Potential sibling of another line from the same transformation. 

Molecular analysis of integrant plants

A number of putative integrants from each experiment were analyzed by PCR for the presence of the expected 35S-lox-hpt junction. This junction was found in 77 of 81 candidates. The four plants that failed to yield a PCR product may be due to hpt fusion to an endogenous promoter in the genome. The 77 plants were analyzed by Southern hybridization. DNA treated with EcoRI was probed with a 35S-cre fragment. An intact left and right junction was confirmed in 73 of the 77 plants through detection of the 1.7-kb 35S-lox-hpt and the 1.4-kb gus-lox-cre band, and the loss of the 2.4-kb parental 35-lox-cre fragment (Fig. 1B). With EcoRV-treated DNA, a gus-specific probe hybridized to only one 2.0-kb gus-lox-cre fragment in 35 of the 73 plants (Fig. 1B). The presence of one or more additional bands in the other plants indicated more than a single copy of Cp-gus DNA, whether situated in tandem at the same site, or elsewhere in the genome.

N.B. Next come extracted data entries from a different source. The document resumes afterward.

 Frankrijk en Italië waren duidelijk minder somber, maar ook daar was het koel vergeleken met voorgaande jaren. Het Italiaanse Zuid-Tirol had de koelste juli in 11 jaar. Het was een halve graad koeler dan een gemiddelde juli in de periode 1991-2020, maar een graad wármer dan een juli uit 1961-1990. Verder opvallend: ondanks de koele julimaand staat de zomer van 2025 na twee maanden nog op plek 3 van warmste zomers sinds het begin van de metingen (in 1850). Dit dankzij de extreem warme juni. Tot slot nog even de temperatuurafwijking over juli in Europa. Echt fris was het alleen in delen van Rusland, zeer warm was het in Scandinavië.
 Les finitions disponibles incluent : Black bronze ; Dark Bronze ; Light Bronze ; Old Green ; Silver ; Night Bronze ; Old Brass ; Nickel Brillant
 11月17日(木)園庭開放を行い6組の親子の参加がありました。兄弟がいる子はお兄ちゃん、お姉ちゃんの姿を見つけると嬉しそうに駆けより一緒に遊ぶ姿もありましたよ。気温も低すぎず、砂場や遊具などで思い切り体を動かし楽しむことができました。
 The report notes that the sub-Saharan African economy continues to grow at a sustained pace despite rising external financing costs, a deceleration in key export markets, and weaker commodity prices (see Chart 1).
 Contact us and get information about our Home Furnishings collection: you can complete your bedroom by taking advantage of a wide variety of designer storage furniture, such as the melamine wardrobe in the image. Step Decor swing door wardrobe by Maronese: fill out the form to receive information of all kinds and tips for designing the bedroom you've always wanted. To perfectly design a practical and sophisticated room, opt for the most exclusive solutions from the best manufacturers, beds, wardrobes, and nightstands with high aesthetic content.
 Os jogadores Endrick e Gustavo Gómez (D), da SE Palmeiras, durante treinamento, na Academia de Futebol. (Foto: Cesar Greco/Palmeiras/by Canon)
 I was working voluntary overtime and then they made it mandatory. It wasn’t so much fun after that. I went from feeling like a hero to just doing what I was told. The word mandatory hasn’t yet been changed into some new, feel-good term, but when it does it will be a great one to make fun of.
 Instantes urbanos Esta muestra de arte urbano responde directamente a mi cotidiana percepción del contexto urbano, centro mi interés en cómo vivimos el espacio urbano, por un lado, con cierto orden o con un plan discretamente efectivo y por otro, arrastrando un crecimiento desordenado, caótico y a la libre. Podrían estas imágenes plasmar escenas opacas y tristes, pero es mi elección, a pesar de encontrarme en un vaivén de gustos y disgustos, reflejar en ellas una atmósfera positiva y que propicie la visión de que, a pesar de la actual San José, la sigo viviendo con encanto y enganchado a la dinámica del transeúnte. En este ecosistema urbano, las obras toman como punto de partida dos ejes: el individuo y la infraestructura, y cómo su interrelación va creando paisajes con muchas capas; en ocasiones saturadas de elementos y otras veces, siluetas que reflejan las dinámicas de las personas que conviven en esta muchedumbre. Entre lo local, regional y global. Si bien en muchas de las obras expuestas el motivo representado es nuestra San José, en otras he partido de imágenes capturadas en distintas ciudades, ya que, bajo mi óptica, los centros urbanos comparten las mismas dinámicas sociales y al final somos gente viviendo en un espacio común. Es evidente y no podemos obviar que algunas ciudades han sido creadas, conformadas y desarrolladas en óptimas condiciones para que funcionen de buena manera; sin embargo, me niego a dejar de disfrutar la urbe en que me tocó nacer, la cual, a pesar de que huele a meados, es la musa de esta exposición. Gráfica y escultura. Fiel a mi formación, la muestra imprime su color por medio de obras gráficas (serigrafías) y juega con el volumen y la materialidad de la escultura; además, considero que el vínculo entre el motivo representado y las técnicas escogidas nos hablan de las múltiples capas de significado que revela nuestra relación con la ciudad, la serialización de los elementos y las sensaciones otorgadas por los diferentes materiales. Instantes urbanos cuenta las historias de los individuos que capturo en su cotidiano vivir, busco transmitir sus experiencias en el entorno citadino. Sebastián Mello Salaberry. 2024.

These 35 plants were examined by hpt-specific hybridization to EcoRV-treated DNA that should detect a 4.6-kb 35S-lox-hpt-pUC backbone fragment (Fig. 1B). They were also examined by gus-specific hybridization to EcoRI-cleaved DNA that should reveal a 5.6-kb pUC-Cp-gus fragment (Fig. 1B). Fragments of the predicted sizes were found in 22 of the 35 single-copy integrant plants. Together, the detection of all five (three EcoRI and two EcoRV) overlapping fragments shows a contiguous arrangement of the pEL1 insertion as illustrated in Figure 1A. The failure to detect fragments of the expected sizes could be attributable to either of two events: (1) random integration of pEL1 followed by recombination between the two lox sites; in these occurrences, the 35S-lox-hpt and gus-lox-cre junctions are found, but they are not contiguous; and (2) site-specific integration of pEL1, followed by DNA rearrangement, such as insertion or deletion between the two lox junctions, such that the expected-size bands are not found.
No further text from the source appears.